I would really love for everyone to get to know the people in my novels a little better, so I thought it might be fun if I interviewed the lead roles in the stories. I’m planning for this to be a multi-week blog article featuring Driftwood Island‘s Alley and Skyler, and also Monster in the Basement‘s Madeline and Archer. And then I’ll (hopefully) wrap it all up by introducing my two newest characters from my third book No place for fairy tales. I hope you enjoy this special feature article. Happy reading!
Me: Please let me introduce Madeline, the lead girl hero of Monster in the Basement. Welcome!
Madeline: Thank you. (spends a few seconds smoothing out her pleated skirt and adjusting her tie after sitting down)
Madeline: Yeah I was feeling nostalgic, besides I kind of got used to wearing poop colored clothes.
Me: Yeah, sorry about writing that into the book.
Madeline: You should be.
Me: Okay, let’s move on to the questions, and then maybe I could talk to both of you.
Madeline: Both of us? Oh no, you didn’t invite him did you!?
Me: You mean Archer? Well, he is kind of important to the story.
Archer: And I couldn’t let you suffer through this all alone, my Cuppy-cake, Sweety-pie! (he bounds across the room, and scoops Madeline up in a hug)
Madeline: First the poop colored clothes and now this. (She glares at me, still trapped in his hug)
Archer: Of course I’m friendly. Me and Madeline are going to be together forever and ever and ever’n ever. (he rubs his cheek on the top of Madeline’s head)
Madeline: (grumbles and tries to break out of the hug.)
Archer: (wraps his arms around her in a even more convoluted fashion, and chuckles evilly)
Madeline: (silently glares at me)
Me: Okay, now for the questions. Madeline, what is your favorite song?
Archer: Oo, oo, I know this one! Her favorite song is Tiptoes by Jayme Dee.
Madeline: (wiggles free enough to grab a spray bottle and whistle out of her purse)
Madeline: This is my interview and I’m going to answer the questions!

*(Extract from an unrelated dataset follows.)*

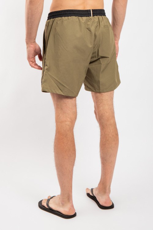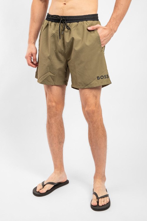 Мужские пляжные шорты цвета хаки от Hugo Boss (Хуго Босс). Принт логотипа, эластичный пояс на завязках, боковые карманы, длина выше колен.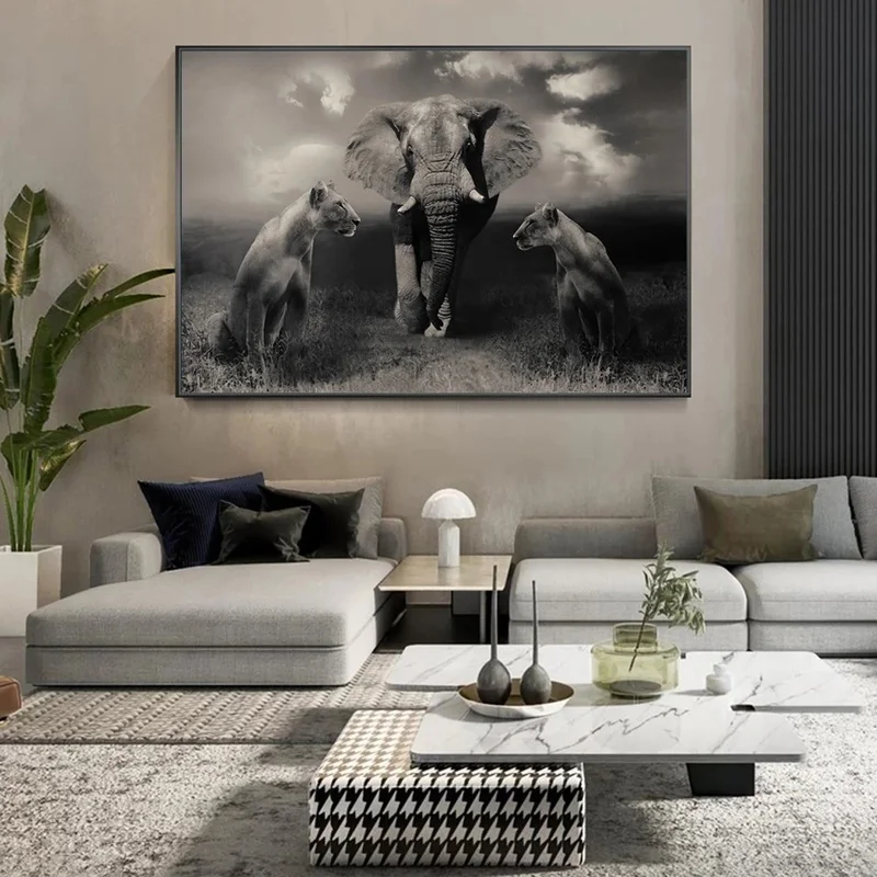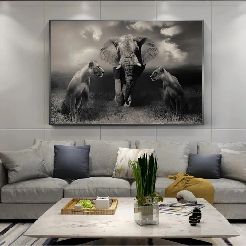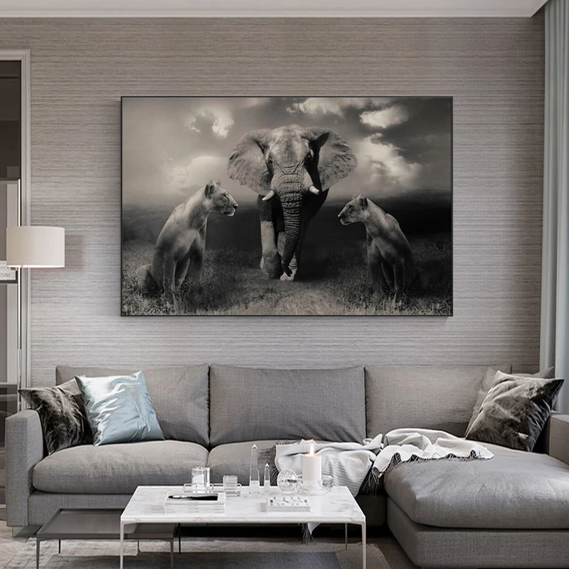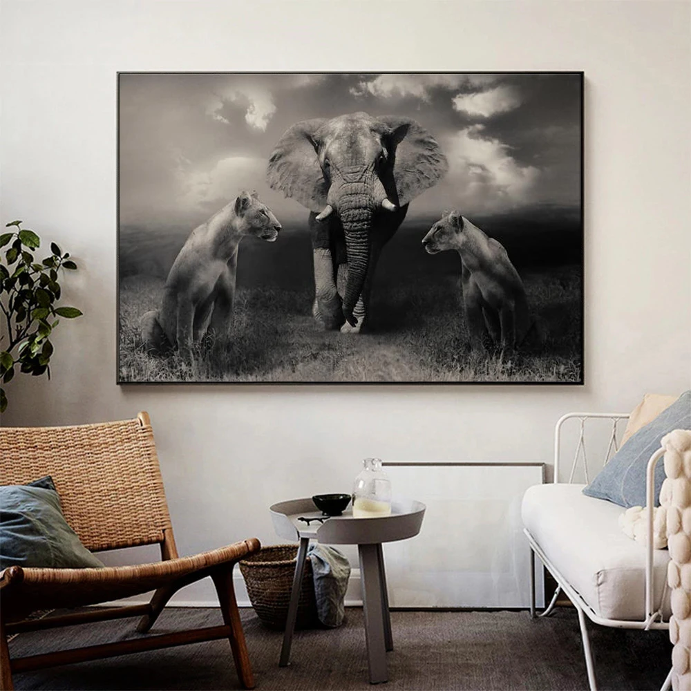 В африканском стиле дикого льва и слона холст художественные плакаты и принты черно-белые Животные искусство настенные картины художественные фотографии

Madeline: (she blows the whistle loudly and than sprays water at Archer’s head until he releases her)
Madeline: Back, back! Now sit. (she points to the chair next to her’s and tweets the whistle again) Sit!
Madeline: Yeah, I thought he might show up. Last week I found this great puppy training book that recommended whistles and water spritzers as good tools for teaching dogs to stop jumping up on people. I think they work pretty good. (she points the spray bottle menacingly at Archer, he leans away and winces).
Archer: You have no idea how damp my last week as been.
Me: (nervously scoots chair away from Madeline, and hopefully out of her spray radius)
Me:Okay, let’s get back to those questions.
Madeline: Oh right, my favorite song is Jaded by Aerosmith.
Archer: What!? Madeline, you’re so mean. You see the way she treats me! (covers his face with his arms and sobs dramatically and loudly. I’m pretty sure he wasn’t actually crying)
Madeline: Hey, stop that! Don’t make me spritz you again.
Archer: (instantly stops and lowers his arm, there’s no sign of tears ever being on his face)
Archer: (sticks out his lower lip and pouts at Madeline, blinking non-teary eyes at her)
Madeline: (rolls her eyes) Okay, fine my favorite song is Arms by Christina Perri. Are you happy now? (she asks Archer)
Archer: I can live with that.
Madeline: Okay, I’m ready for the next question. And I’m answering it! ( she points the spray bottle menacingly at Archer again)
Archer: Of course, my sweet.
Madeline: And no butting in this time, Archer, I mean it.
Madeline: ( she gives him one more squinty eyed look and then turns to me)
Madeline: Okay, I’m ready, what’s the next question? Ask it quick, before his changes his mind.
Me: Um. . . actually we seem to be out of time. (nervously scooting my chair away from them) But it was really nice talking to you both.
Madeline: We’ll talk again some other time, right?
Me: Gee, I’ve been really busy lately. I’ll have to check my schedule.
Madeline: This is all your fault, I know it. (she spritzes Archer in the head one more time before leaving in a huff)
Archer: (blinks a few times, calmly squeegees water off of his face)
Archer: So, when’s my interview?
Me: Um. . . . . let me get back to you about that.